10(1)Paragraph 3 of Schedule 5 (failure to comply with reparation and action plan orders) is amended as follows.

(2)In sub-paragraph (2)(b), for “youth court” substitute “ magistrates’ court ”.

(3)Omit sub-paragraph (3).

(4)After sub-paragraph (8) insert—

(9)Where a reparation order or action plan order has been made on appeal, for the purposes of this paragraph it shall be deemed—

(a)if it was made on an appeal brought from a magistrates’ court, to have been made by that magistrates’ court;

(b)if it was made on an appeal brought from the Crown Court or from the criminal division of the Court of Appeal, to have been made by the Crown Court;

and, in relation to a reparation order or action plan order made on appeal, sub-paragraph (2)(b) above shall have effect as if the words “if the order had not been made” were omitted and sub-paragraph (5) above shall have effect as if the words “if it had not made the order” were omitted.

11(1)Paragraph 4 of that Schedule (presence of offender in court, remands, etc.) is amended as follows.
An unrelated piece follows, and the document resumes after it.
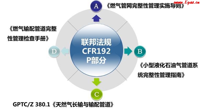 CFR第192章是管道輸送氣體聯(lián)邦安全標準,對長輸和輸配管道系統(tǒng)安全運行作出了規(guī)定,其中P小節(jié)《SubpartP—GasDistributionPipelineIntegrityManagement》提出燃氣輸配管道完整性管理的要求,是美國燃氣運營企業(yè)開展完整性管理的綱領(lǐng)性文件。法規(guī)明確要求所有的城市燃氣運營企業(yè)應當在2011年8月2日開始制定和實施管道完整性管理方案,并提出了燃氣輸配管道系統(tǒng)(包含液化石油氣系統(tǒng))開展完整性管理的最低要求。

(2)In sub-paragraph (5)(b), for “(6)” substitute “ (7A) ”.

(3)Omit sub-paragraph (6).

(4)In sub-paragraph (7), at the beginning insert “ Subject to sub-paragraph (7A) below, ”.

(5)After sub-paragraph (7) insert—

(7A)Where the offender is aged 18 or over at the time when he is brought before a youth court other than the appropriate court under sub-paragraph (4) above, or is aged 18 or over at a time when (apart from this sub-paragraph) the appropriate court could exercise its powers under sub-paragraph (7) above in respect of him, he shall not be remanded to local authority accommodation but may instead be remanded—

(a)to a remand centre, if the court has been notified that such a centre is available for the reception of persons under this sub-paragraph; or

(b)to a prison, if it has not been so notified.

12Omit paragraph 5(6) of that Schedule.